Differences between a Kyubell and Dumbbell

Both a dumbbell and Kyūbell are simple versions of a handheld weight. Dumbbells offer a scalability of load in many different exercises. Kyūbells offer scalability of load like a dumbbell but they also allow users to target different force curves within common movements. Manipulation of how force is applied to a muscle is one of the many applications of the Kyūbells.

Understanding the different positions

Manipulation of force is the #1 goal of any resistance training implement. Force is a vector quantity that has both a magnitude and direction. Force is a non-linear expression that results during push and pull movements. The number one way to influence force output in resistance training is through progressive loading. The second way to influence force output is the position of an implement relative to the lever arm (we often refer to this as changing the mechanical loading of an exercise). Kyūbells can both influence force through progressive loading but also through changing position in common exercises.

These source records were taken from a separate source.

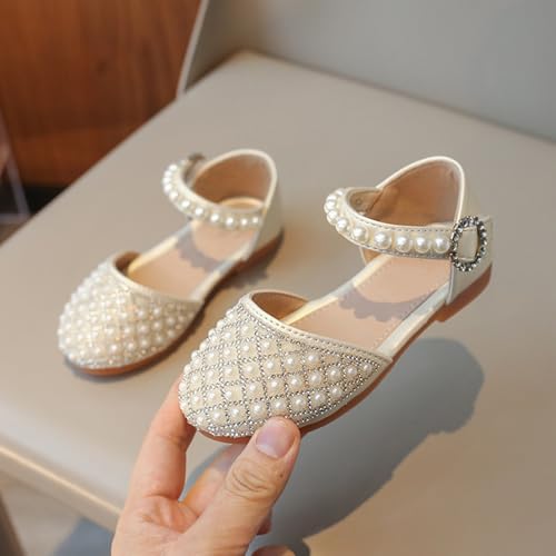 Girls Pearl Glitter Closed Toe Sandals Pearl Strap Ankle Wedding Elegant Princess Shoes Kids Girls Pageant Sandals 6
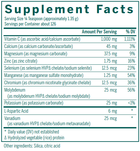 Add water or juice to ¼ teaspoon of Scorbatate and mix. Take once daily, or as recommended by your health care practitioner.
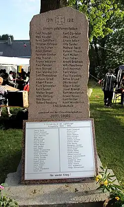 Im Ehrenhain des Dorfes befindet sich ein Kriegerdenkmal für die Opfer des Ersten Weltkriegs, das um 1920 von den Bewohnern errichtet wurde. Nach Umgestaltung durch die Nationalsozialisten zu einer Gedenkstätte der Nationalen Erhebung wurde es nach dem Zweiten Weltkrieg in der DDR dem Verfall preisgegeben. Erst im Jahr 2011 wurde es durch Spenden der Einwohnerschaft restauriert und 2012 um die Namen der Gefallenen des Dorfes im Zweiten Weltkrieg ergänzt.
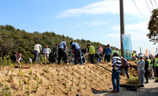 その後、過去に植樹した苗の状況を見ながら植樹会場へ移動し昨年の倍以上となる約11,000本の苗を植樹しました。
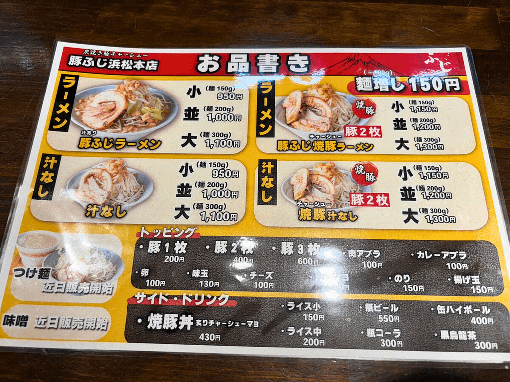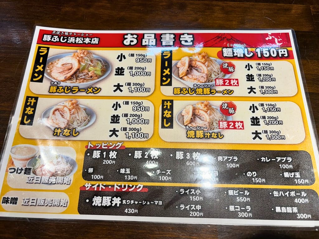 メニューは、基本の「汁あり豚ふじラーメン」のほか、焼豚が2枚のった「豚ふじ焼豚ラーメン」を用意。さらに、それぞれに汁なしバージョンもあります。
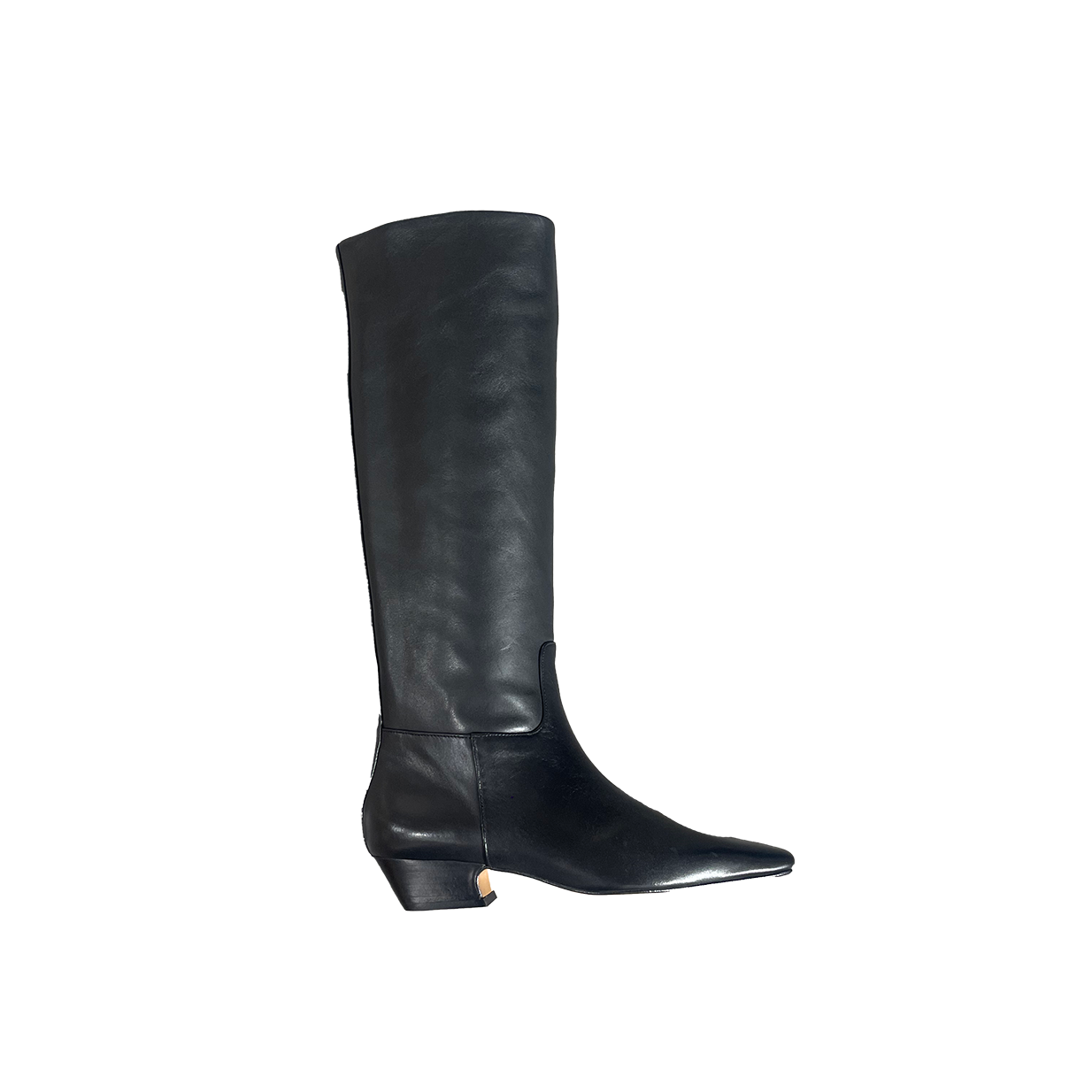 Deze prachtige en luxe lange laars is uitgevoerd in hoogwaardig zwart leer. Het model heeft een rechte schacht en een carré neus. De laars heeft een klein zwart hakje.
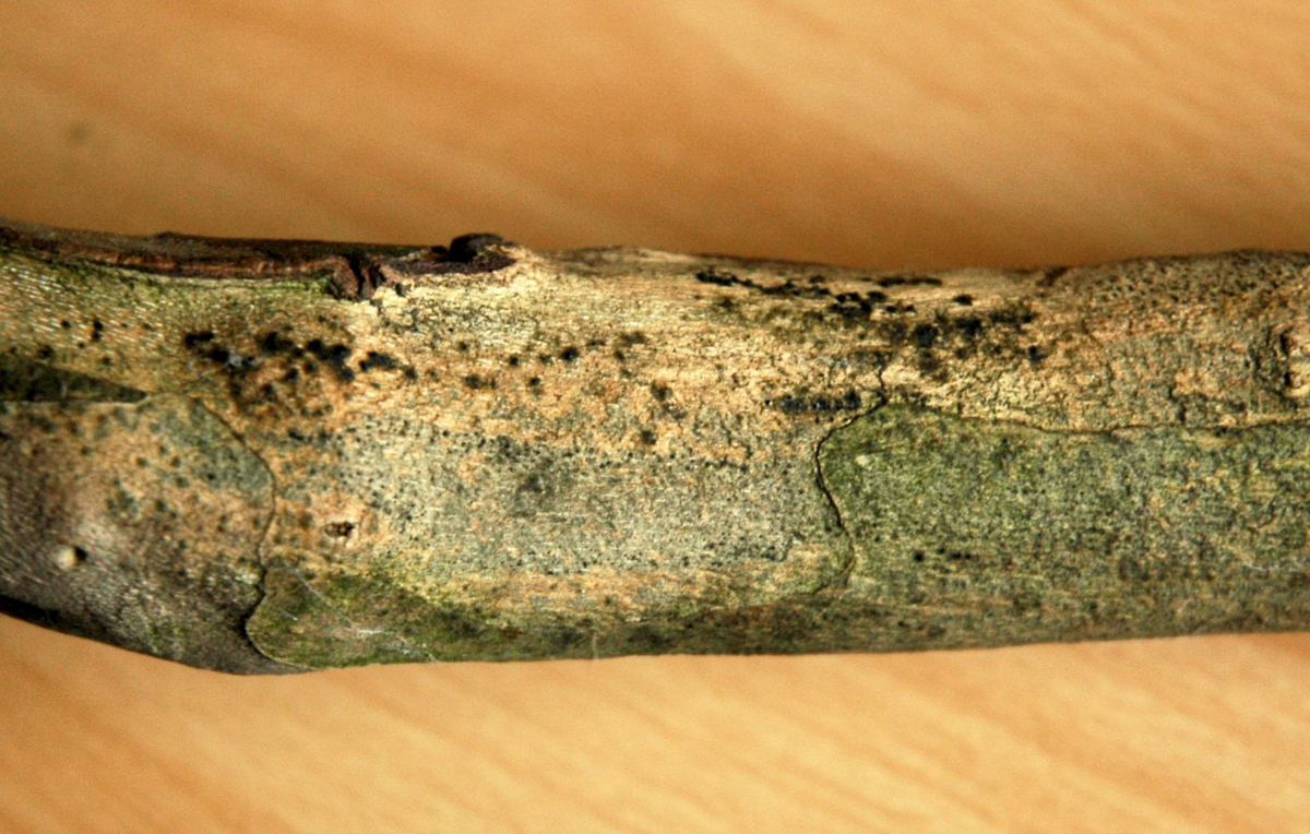 - Eine selektive Weißfäule (selektive Delignifizierung), z. B. durch Flachen Lackporling oder Wurzelschwamm. Sie erzeugt durch bevorzugten Ligninabbau bereits in den frühen Phasen der Holzzersetzung eine Holzerweichung (das Holz wird durch fortschreitende Abnahme der Steifigkeit weicher). Es entsteht dann eine Zähbruchgefahr. Die Bruchflächen erscheinen zumeist aufgehellt und langfaserig, einige Pilzarten können durch Oxidationsprozesse beim Holzzabbau eine bräunliche (z. B. bei Hallimasch) oder rötlich-braune Verfärbung hervorrufen.

The center mass position is the most stable of the various positions. Due to the stability of the center mass it is the position that can be loaded the heaviest (in terms of absolute load of the implement).

The rack position allows uses to target larger force curves (muscle will be under load longer) in various upper body fly exercises. Some users also feel the rack position is easier on their joints when doing pressing exercises though this is completely up to your individual biomechanics and injury history.

The long leverposition is the most demanding from a mechanical loading perspective. While the inherent absolute load of the Kyūbell will be lighter relative to other positions, this position produces the longest lever arm in most exercises.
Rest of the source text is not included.